The authors evaluate Lance, a unified multimodal model with 3B activated parameters, across various tasks including video understanding, generation, and editing. Results show that Lance achieves top-tier performance among unified models on MVBench, outperforming existing models with significantly fewer parameters while maintaining strong capabilities in both generation and understanding. The model demonstrates robust performance across multiple dimensions, including visual quality, semantic fidelity, and temporal consistency, indicating effective integration of diverse tasks within a single framework. Lance achieves the highest overall score among unified models on MVBench, surpassing models with significantly more parameters. The model shows strong performance across both generation and understanding tasks, indicating effective multi-task synergy. Lance demonstrates high-quality outputs in video understanding, generation, and editing, highlighting its versatility in multimodal applications.
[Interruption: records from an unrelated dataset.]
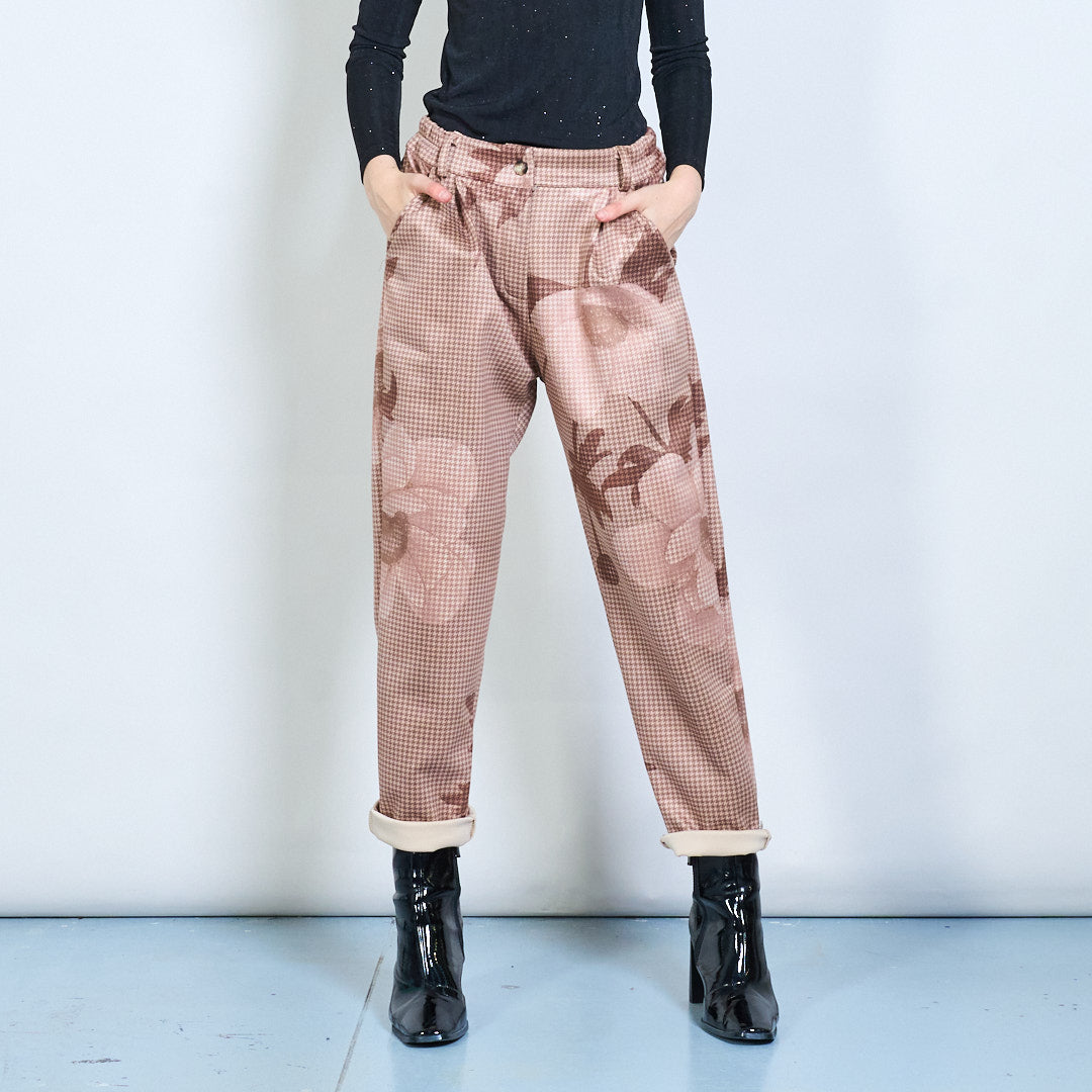 - Elegant fusion af dristige blomsterprint med klassisk houndstooth -mønster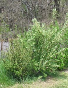 J’avais repéré sur le catalogue de La Feuillade, pour le coût raisonnable de 6 € une “touffette de goumi” sans mention de variété. Cette “touffette” très petite au départ a vite rattrapé et dépassé les deux cultivars déjà mentionnés. D’une vigueur remarquable, j’ai dû lui couper régulièrement des branches pour qu’elle respecte le développement du Sweet Scarlet (buisson de gauche plus sombre sur la figure 2) dont elle était censée favoriser la fructification. Elle se couvre de fleurs en même temps que les autres et je pensais qu’elle ne donnait pas de fruits jusqu’à cette année où je me suis rendu compte qu’ils étaient beaucoup plus tardifs (septembre au lieu de juin), beaucoup plus petits (plutôt 3 mm de diamètre au lieu de 10) et probablement appréciés des oiseaux car ils ne restent pas longtemps sur les branches. Pour rédiger cet article je me suis adressé à nouveau à La Feuillade et nous sommes tombés d’accord sur un nom d’espèce : umbellata (chalef argenté ou autumn olive). Si les oiseaux ne les mangeaient pas, il me faudrait attendre les premiers froids pour que les fruits perdent leur apreté. De tous mes essais de culture à La Penne, cet Elaeagnus umbellata reste la meilleure source abondante de biomasse raméale, ex aequo avec le robinier (Robinia pseudacacia).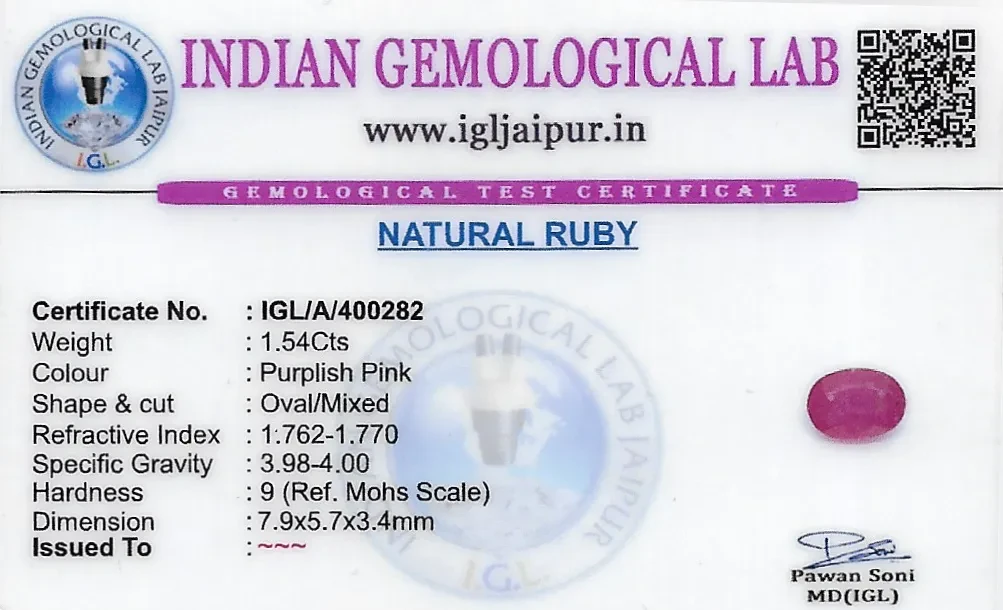 Natural Ruby (Manik) weighing 1.54 carats In Oval from Thailand

The authors evaluate the performance of Lance, a unified multimodal model with 3B activated parameters, across image generation, video generation, image editing, and video understanding tasks. Results show that Lance achieves competitive or top-tier performance compared to larger models on benchmarks for image and video generation, while also demonstrating strong capabilities in image editing and video understanding. The model's performance is further enhanced by multi-task training and a modality-aware positional encoding mechanism. The authors analyze the impact of training data composition and model scaling, showing that increasing training tokens improves prompt alignment, visual fidelity, and temporal consistency. Lance achieves top-tier performance on image generation benchmarks despite having significantly fewer parameters than competing models. Lance demonstrates strong multimodal editing capabilities, particularly in preserving structural coherence and realistic textures in both images and videos. The model's performance improves with increased training tokens and benefits from multi-task training, indicating the effectiveness of shared learning across different modalities and tasks.
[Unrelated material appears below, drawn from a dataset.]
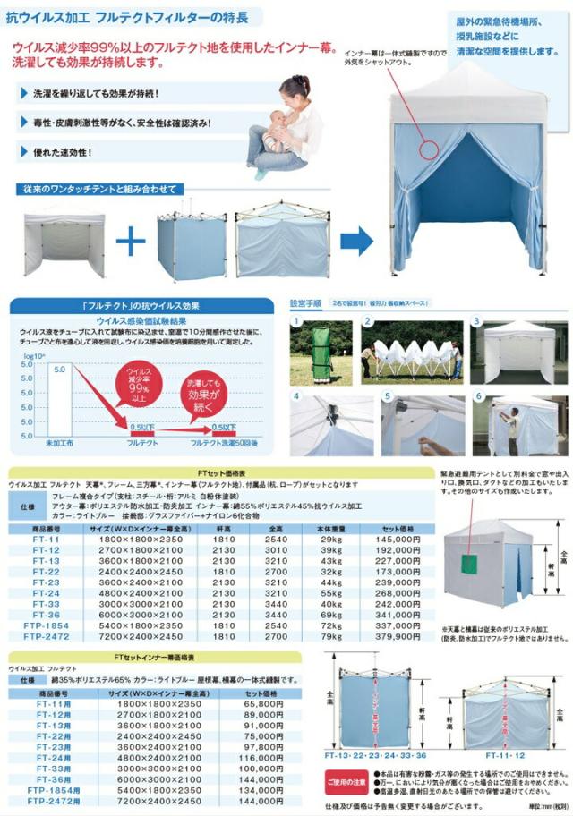 【フルセット簡単テント】抗ウイルス加工フルテクト地インナー幕付使用。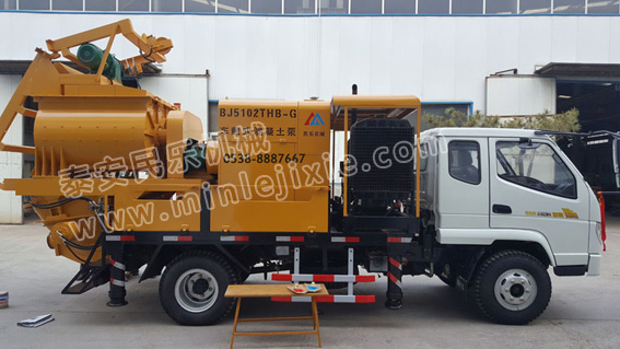 ① 車載泵沒有攪拌系統(tǒng),需要配置滾筒攪拌機(jī)或強(qiáng)制攪拌機(jī),且需要將攪拌機(jī)運(yùn)輸?shù)绞┕すさ?,車載泵開到施工地點(diǎn),再讓車載泵與攪拌機(jī)對(duì)接好,運(yùn)輸、裝卸成本高;

The authors evaluate a compact 3B-parameter unified multimodal model across image and video generation, editing, and understanding tasks to validate its cross-modal versatility and architectural efficiency. Benchmark assessments confirm that the model delivers top-tier performance among unified architectures, effectively balancing high-fidelity generation with robust understanding while surpassing larger specialized baselines. Ablation and comparative analyses further demonstrate that multi-task training and modality-aware positional encoding consistently improve cross-task alignment, structural coherence, and temporal consistency. These qualitative findings collectively indicate that shared learning across diverse modalities generates strong synergistic effects, allowing a streamlined model to maintain competitive performance without sacrificing visual or semantic fidelity.